George Galloway: ‘I have never in my life seen a barrel of oil, let alone owned, bought or sold one’

He also said that Mr Galloway was profiting from food contracts and sought “exceptional” business deals. Mr Galloway has always denied receiving any financial assistance from Baghdad.

Asked to explain the document, he said yesterday: “Maybe it is the product of the same forgers who forged so many other things in this whole Iraq picture. Maybe The Daily Telegraph forged it. Who knows?”

When the letter from the head of the Iraqi intelligence service was read to him, he said: “The truth is I have never met, to the best of my knowledge, any member of Iraqi intelligence.
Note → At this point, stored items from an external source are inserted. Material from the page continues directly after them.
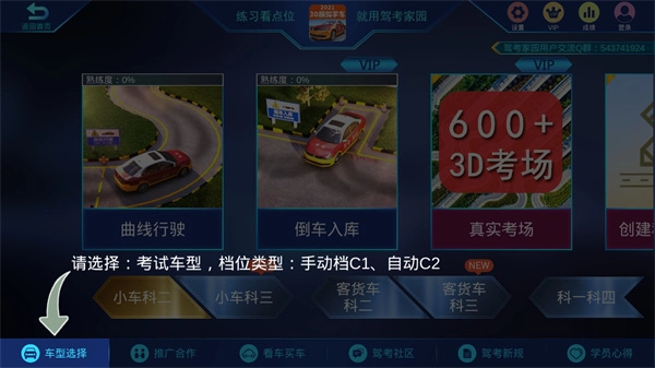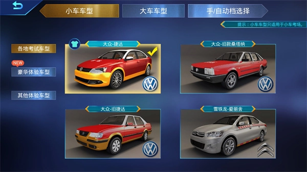5、刚开始进入练车时可以选择自己考试的车型和档位类型。
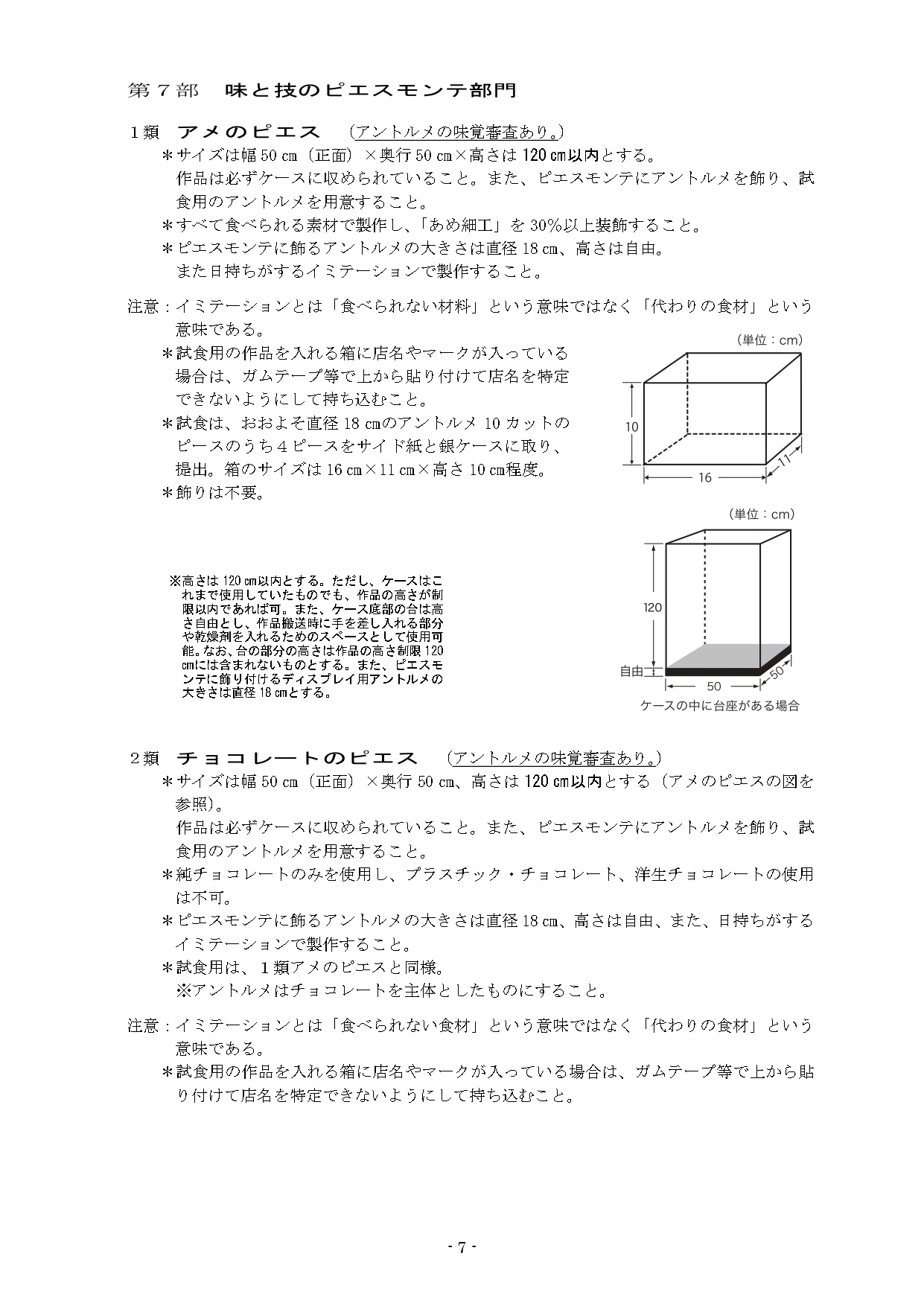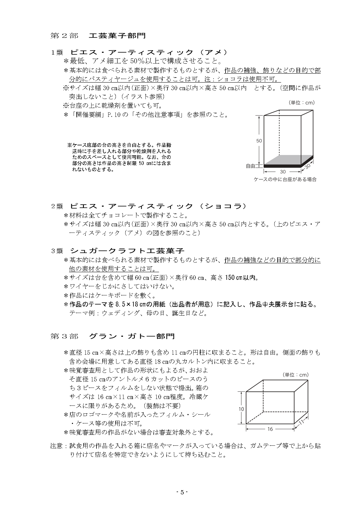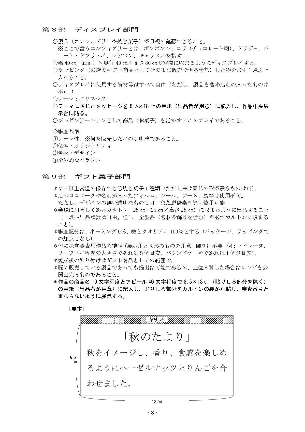 ・ギフト菓子部門: 高さ制限25㎝となりました。審査分配は味とクオリティが100%となりました。
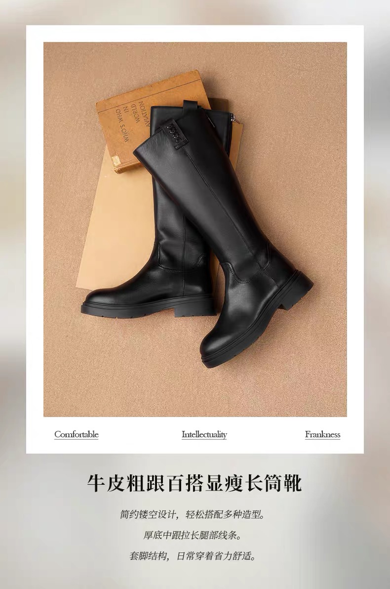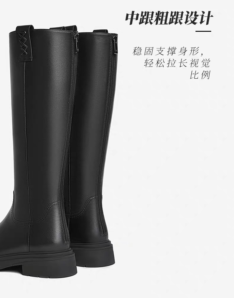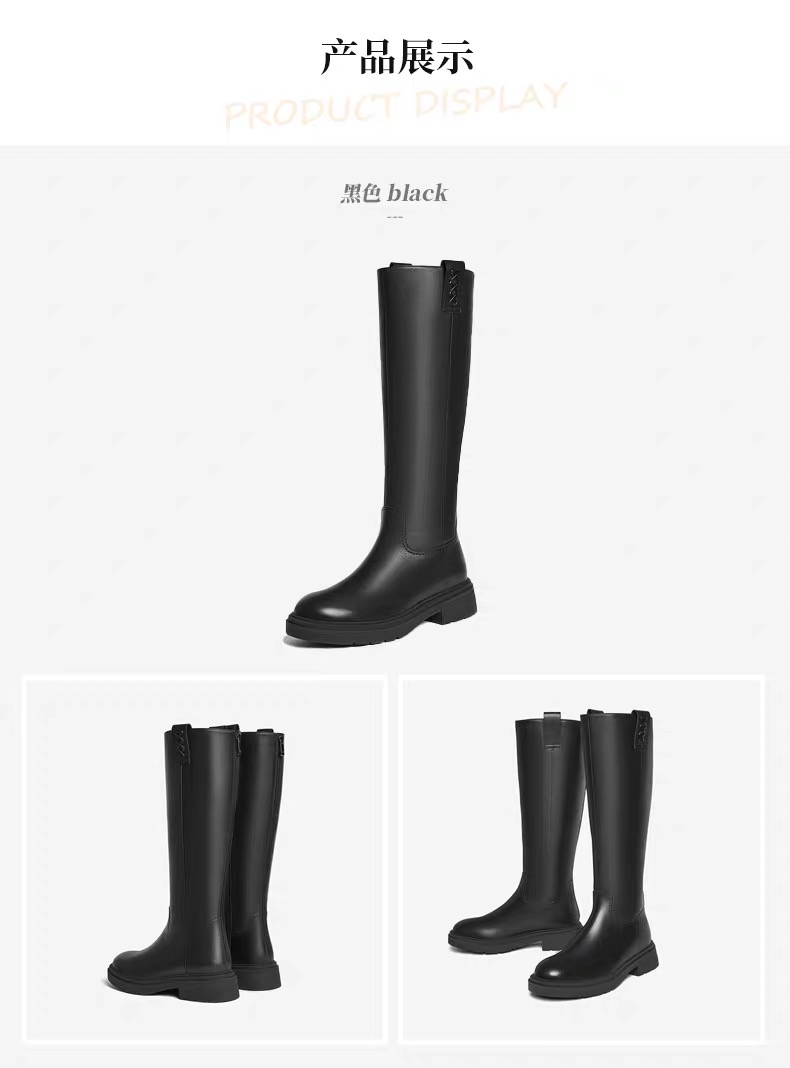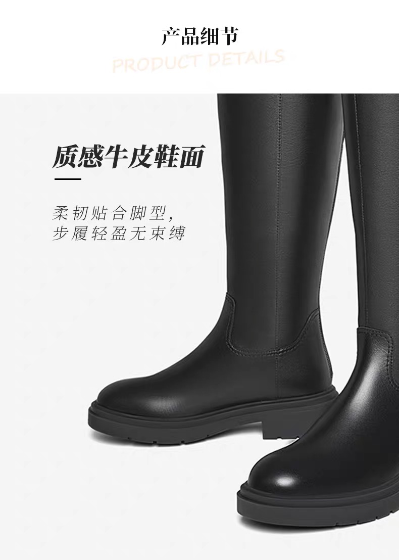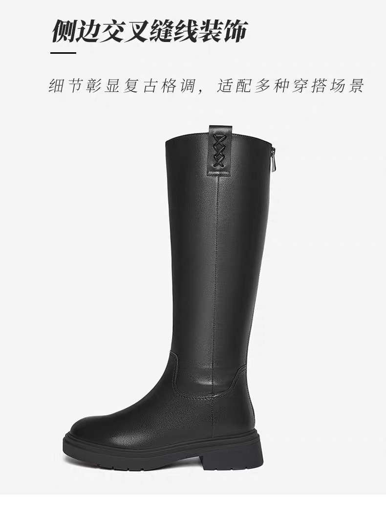 【云粉节】BF楼Bata及膝骑士靴女2025冬款牛皮粗跟百搭长筒靴AC247DG5 吊牌价2059 活动价1399

I have never in my life seen a barrel of oil, let alone owned, bought or sold one.”

In the papers, which were found in the looted foreign ministry, Iraqi intelligence continually stresses the need for secrecy about Mr Galloway’s alleged business links with the regime. One memo says that payments to him must be made under “commercial cover”.

For more than a decade, Mr Galloway, MP for Glasgow Kelvin, has been the leading critic of Anglo-American policy towards Iraq, campaigning against sanctions and the war that toppled Saddam.

He led the Mariam Appeal, named after an Iraqi child he flew to Britain for leukaemia treatment. The campaign was the supposed beneficiary of his fund-raising.

But the papers say that, behind the scenes, Mr Galloway was conducting a relationship with Iraqi intelligence. Among documents found in the foreign ministry was a memorandum from the chief of the Mukhabarat to Saddam’s office on Jan 3, 2000, marked “Confidential and Personal”.

It purported to outline talks between Mr Galloway and an Iraqi spy. During the meeting on Boxing Day 1999, Mr Galloway detailed his campaign plans for the year ahead.

The spy chief wrote that Mr Galloway told the Mukhabarat agent: “He [Galloway] needs continuous financial support from Iraq. He obtained through Mr Tariq Aziz [deputy prime minister] three million barrels of oil every six months, according to the oil for food programme. His share would be only between 10 and 15 cents per barrel.”

Iraq’s oil sales, administered by the United Nations, were intended to pay for only essential humanitarian supplies. If the memo was accurate, Mr Galloway’s share would have amounted to about £375,000 per year.

The documents say that Mr Galloway entered into partnership with a named Iraqi oil broker to sell the oil on the international market.

The memorandum continues: “He [Galloway] also obtained a limited number of food contracts with the ministry of trade. The percentage of its profits does not go above one per cent.”

The Iraqi spy chief, whose illegible signature appears at the bottom of the memorandum, says that Mr Galloway asked for more money.

“He suggested to us the following: first, increase his share of oil; second, grant him exceptional commercial and contractual facilities.” The spy chief, who is not named, recommends acceptance of the proposals.

Mr Galloway’s intermediary in Iraq was Fawaz Zureikat, a Jordanian. In a letter found in one foreign ministry file, Mr Galloway wrote: “This is to certify that Mr Fawaz A Zureikat is my representative in Baghdad on all matters concerning my work with the Mariam Appeal or the Emergency Committee in Iraq.”

The intelligence chief’s memorandum describes a meeting with Mr Zureikat in which he said that Mr Galloway’s campaigning on behalf of Iraq was putting “his future as a British MP in a circle surrounded by many question marks and doubts”.

Mr Zureikat is then quoted as saying: “His projects and future plans for the benefit of the country need financial support to become a motive for him to do more work and, because of the sensitivity of getting money directly from Iraq, it is necessary to grant him oil contracts and special and exceptional commercial opportunities to provide him with an income under commercial cover, without being connected to him directly.”

Mr Zureikat is said to have emphasised that the “name of Mr Galloway or his wife should not be mentioned”.